=== Problem requirements ===
Pictures in the listing below are skipped, while the lines from the "Eksempler på, hvordan" line through the "Denne strikkegenseren har" line are returned word for word.

=== Data ===
——

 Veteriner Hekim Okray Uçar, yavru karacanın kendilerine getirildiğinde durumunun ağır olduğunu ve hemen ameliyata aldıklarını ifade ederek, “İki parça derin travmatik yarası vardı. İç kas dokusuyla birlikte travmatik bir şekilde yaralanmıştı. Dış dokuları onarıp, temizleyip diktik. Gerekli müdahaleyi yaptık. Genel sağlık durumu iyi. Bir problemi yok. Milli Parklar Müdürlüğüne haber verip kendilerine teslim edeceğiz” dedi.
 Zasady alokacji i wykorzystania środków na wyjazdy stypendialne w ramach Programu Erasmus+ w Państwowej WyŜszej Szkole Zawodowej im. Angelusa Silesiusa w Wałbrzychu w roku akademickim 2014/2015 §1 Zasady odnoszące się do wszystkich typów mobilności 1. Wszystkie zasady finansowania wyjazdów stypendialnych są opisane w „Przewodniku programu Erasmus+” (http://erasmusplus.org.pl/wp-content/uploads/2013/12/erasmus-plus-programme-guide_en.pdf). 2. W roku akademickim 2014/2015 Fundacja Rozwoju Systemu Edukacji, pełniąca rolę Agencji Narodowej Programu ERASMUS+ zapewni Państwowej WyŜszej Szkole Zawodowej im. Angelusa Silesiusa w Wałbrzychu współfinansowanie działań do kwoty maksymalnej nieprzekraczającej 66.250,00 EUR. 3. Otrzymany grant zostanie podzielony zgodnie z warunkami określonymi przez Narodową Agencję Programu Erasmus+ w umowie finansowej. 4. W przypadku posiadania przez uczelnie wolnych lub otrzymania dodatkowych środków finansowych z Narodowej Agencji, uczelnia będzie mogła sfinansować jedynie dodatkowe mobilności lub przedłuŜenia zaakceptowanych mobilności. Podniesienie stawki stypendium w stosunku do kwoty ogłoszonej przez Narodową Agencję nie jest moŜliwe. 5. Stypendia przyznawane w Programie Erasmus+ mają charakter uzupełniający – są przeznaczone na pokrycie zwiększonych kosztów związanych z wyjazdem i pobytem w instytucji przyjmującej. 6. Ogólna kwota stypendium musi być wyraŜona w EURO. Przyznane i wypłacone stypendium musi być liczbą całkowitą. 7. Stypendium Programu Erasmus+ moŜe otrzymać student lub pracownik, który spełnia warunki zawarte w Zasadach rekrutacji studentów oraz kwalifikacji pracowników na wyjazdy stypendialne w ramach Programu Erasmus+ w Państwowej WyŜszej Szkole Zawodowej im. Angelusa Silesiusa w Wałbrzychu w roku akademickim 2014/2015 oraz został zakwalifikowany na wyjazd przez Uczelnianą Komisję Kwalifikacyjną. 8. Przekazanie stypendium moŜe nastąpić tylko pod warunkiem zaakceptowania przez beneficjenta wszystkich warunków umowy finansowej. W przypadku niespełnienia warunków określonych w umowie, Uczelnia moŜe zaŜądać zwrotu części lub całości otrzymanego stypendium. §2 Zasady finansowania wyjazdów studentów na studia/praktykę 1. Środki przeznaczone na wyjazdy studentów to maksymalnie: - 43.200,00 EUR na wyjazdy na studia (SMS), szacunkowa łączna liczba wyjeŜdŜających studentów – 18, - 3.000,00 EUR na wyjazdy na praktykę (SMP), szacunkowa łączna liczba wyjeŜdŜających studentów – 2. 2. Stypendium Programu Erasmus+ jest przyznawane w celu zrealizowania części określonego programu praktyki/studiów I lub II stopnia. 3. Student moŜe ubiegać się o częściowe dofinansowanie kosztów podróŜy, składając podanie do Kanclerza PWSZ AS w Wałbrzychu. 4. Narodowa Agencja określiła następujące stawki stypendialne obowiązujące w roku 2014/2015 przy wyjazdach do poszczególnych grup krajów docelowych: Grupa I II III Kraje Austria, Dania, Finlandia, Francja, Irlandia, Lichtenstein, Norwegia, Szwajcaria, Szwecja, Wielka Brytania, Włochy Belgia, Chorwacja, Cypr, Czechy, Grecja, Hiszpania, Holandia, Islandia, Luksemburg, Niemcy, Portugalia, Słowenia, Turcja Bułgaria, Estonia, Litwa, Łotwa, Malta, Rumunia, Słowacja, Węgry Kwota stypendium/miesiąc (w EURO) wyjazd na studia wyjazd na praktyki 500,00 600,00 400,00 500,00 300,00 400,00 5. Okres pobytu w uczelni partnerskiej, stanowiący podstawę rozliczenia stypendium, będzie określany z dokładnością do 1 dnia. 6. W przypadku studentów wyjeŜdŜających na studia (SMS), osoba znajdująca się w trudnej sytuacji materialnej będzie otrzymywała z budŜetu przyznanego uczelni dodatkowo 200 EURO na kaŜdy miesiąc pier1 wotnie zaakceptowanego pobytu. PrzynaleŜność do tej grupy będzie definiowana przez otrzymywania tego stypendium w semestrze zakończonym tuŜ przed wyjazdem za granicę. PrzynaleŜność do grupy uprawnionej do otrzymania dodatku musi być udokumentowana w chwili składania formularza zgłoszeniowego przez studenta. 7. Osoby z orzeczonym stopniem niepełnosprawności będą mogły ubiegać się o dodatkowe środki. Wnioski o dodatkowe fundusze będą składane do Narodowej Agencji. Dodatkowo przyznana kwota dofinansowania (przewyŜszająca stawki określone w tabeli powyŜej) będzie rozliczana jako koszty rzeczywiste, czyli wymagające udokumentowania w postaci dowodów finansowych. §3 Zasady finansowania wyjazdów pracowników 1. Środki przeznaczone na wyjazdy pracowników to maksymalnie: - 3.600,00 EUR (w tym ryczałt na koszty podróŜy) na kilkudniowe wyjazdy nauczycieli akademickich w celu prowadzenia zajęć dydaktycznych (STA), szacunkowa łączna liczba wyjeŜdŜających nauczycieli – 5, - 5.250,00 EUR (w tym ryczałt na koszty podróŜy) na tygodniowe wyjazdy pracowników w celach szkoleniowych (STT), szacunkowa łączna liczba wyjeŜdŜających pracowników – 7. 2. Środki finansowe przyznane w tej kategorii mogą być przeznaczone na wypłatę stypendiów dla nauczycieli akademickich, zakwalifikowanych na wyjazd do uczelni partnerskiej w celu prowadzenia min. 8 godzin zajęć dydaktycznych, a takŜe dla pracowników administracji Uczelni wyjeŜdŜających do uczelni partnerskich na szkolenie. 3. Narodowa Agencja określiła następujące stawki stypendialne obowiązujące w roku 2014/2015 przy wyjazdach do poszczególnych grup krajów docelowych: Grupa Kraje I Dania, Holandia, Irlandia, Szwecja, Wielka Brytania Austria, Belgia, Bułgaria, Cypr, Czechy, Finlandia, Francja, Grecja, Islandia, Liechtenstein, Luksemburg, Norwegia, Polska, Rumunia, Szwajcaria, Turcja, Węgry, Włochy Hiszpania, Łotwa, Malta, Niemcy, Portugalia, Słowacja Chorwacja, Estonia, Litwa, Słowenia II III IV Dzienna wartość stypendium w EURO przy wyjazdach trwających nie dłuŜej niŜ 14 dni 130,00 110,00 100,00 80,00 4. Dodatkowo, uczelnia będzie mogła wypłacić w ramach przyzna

——

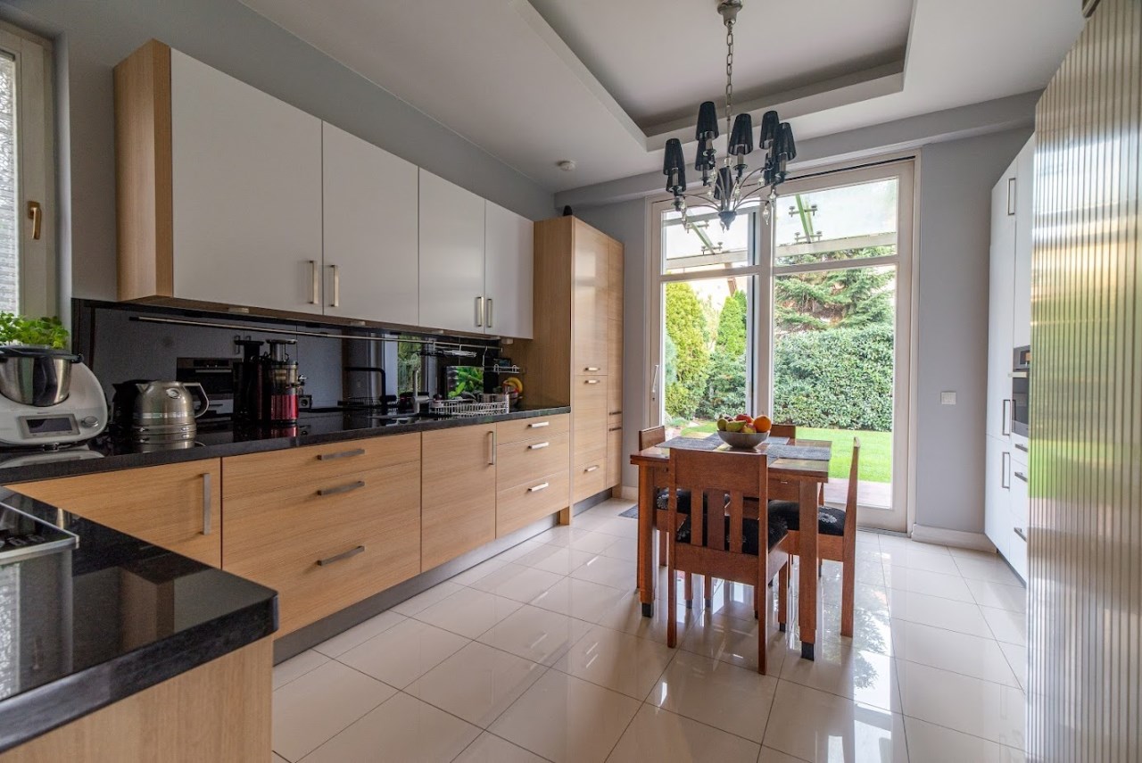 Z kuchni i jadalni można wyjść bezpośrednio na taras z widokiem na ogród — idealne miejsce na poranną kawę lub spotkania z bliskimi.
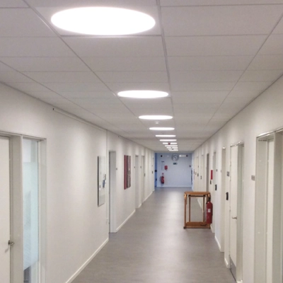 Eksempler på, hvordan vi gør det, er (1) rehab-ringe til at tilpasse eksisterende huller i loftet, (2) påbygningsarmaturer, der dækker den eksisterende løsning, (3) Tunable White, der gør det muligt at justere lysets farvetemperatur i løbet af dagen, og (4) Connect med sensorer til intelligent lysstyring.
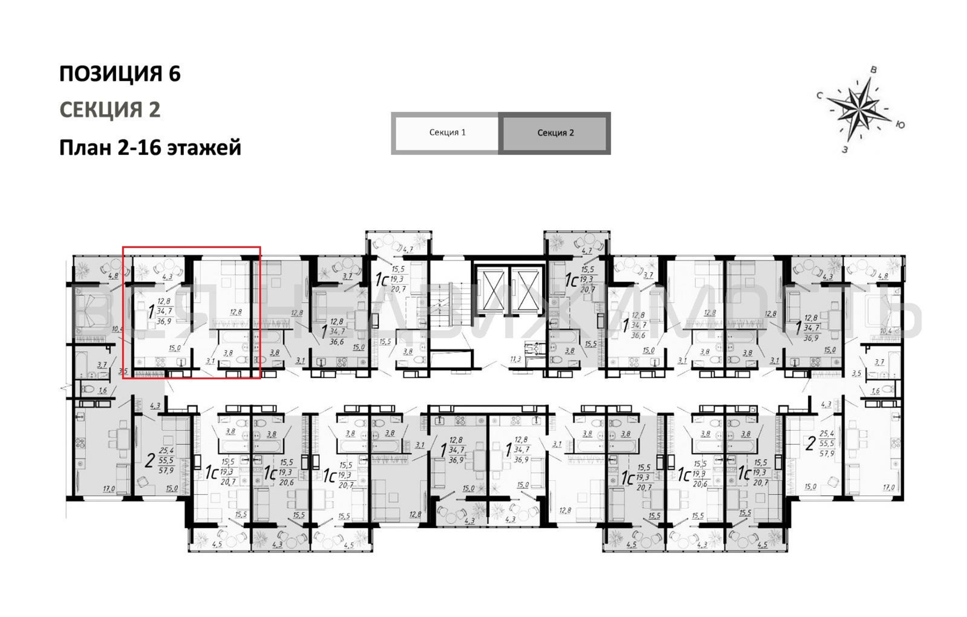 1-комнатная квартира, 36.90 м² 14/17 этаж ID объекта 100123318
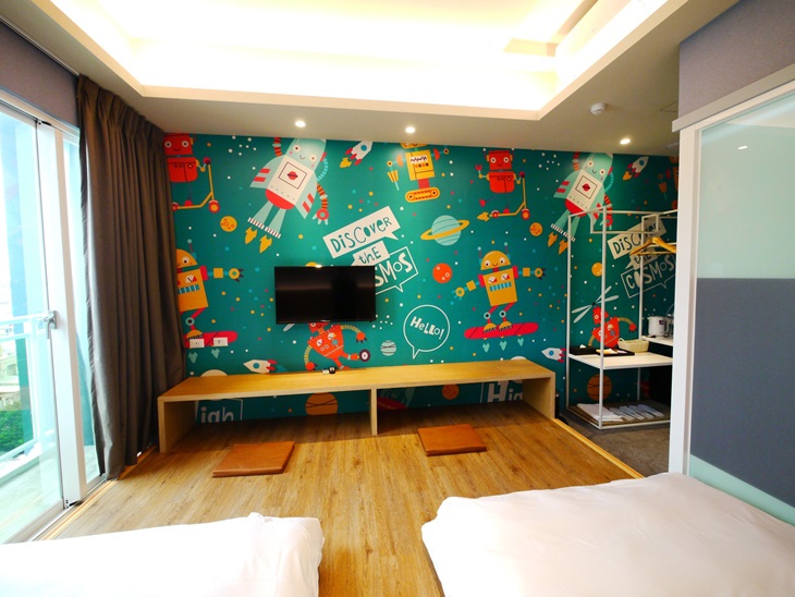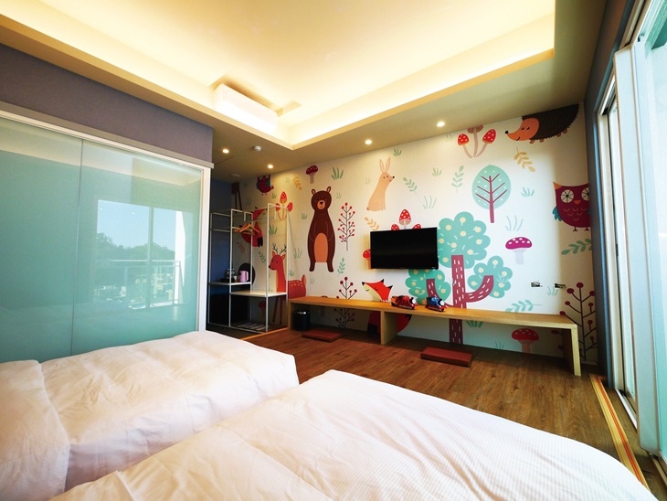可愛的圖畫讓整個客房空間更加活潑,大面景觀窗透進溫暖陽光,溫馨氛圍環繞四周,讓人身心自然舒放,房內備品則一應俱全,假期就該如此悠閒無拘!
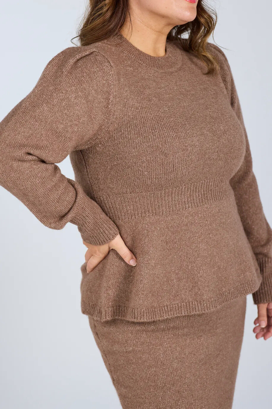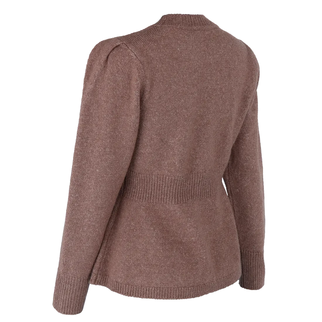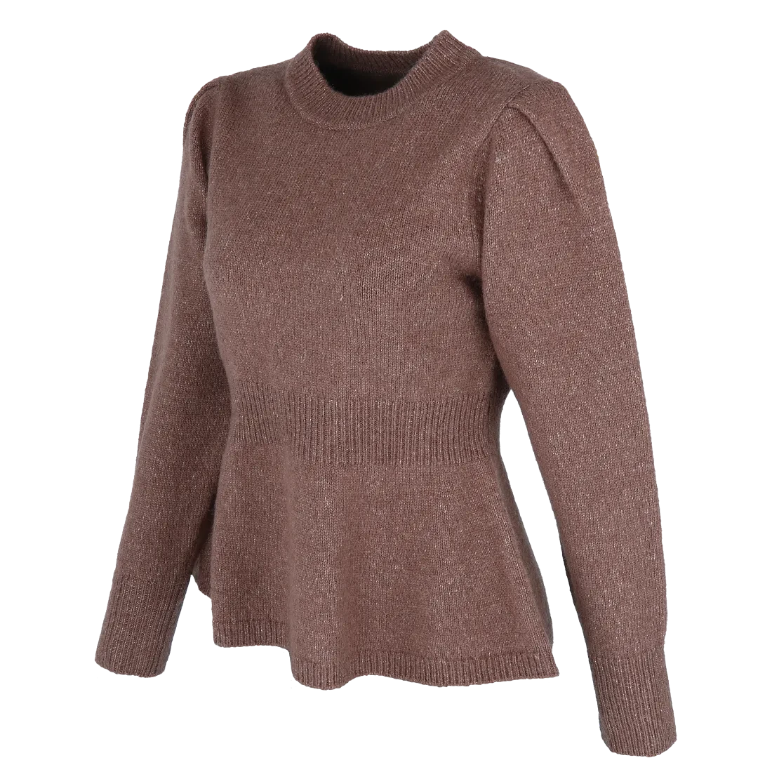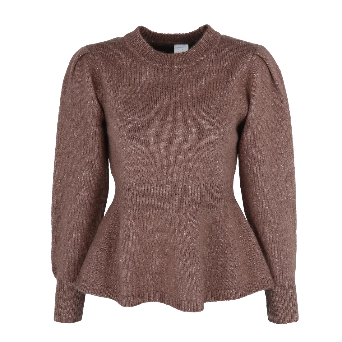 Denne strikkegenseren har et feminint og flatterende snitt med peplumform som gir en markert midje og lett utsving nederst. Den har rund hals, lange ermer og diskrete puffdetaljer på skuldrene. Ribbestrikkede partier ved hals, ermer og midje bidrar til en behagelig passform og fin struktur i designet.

——

=== Answer section ===
 Eksempler på, hvordan vi gør det, er (1) rehab-ringe til at tilpasse eksisterende huller i loftet, (2) påbygningsarmaturer, der dækker den eksisterende løsning, (3) Tunable White, der gør det muligt at justere lysets farvetemperatur i løbet af dagen, og (4) Connect med sensorer til intelligent lysstyring.
 1-комнатная квартира, 36.90 м² 14/17 этаж ID объекта 100123318
可愛的圖畫讓整個客房空間更加活潑,大面景觀窗透進溫暖陽光,溫馨氛圍環繞四周,讓人身心自然舒放,房內備品則一應俱全,假期就該如此悠閒無拘!
 Denne strikkegenseren har et feminint og flatterende snitt med peplumform som gir en markert midje og lett utsving nederst. Den har rund hals, lange ermer og diskrete puffdetaljer på skuldrene. Ribbestrikkede partier ved hals, ermer og midje bidrar til en behagelig passform og fin struktur i designet.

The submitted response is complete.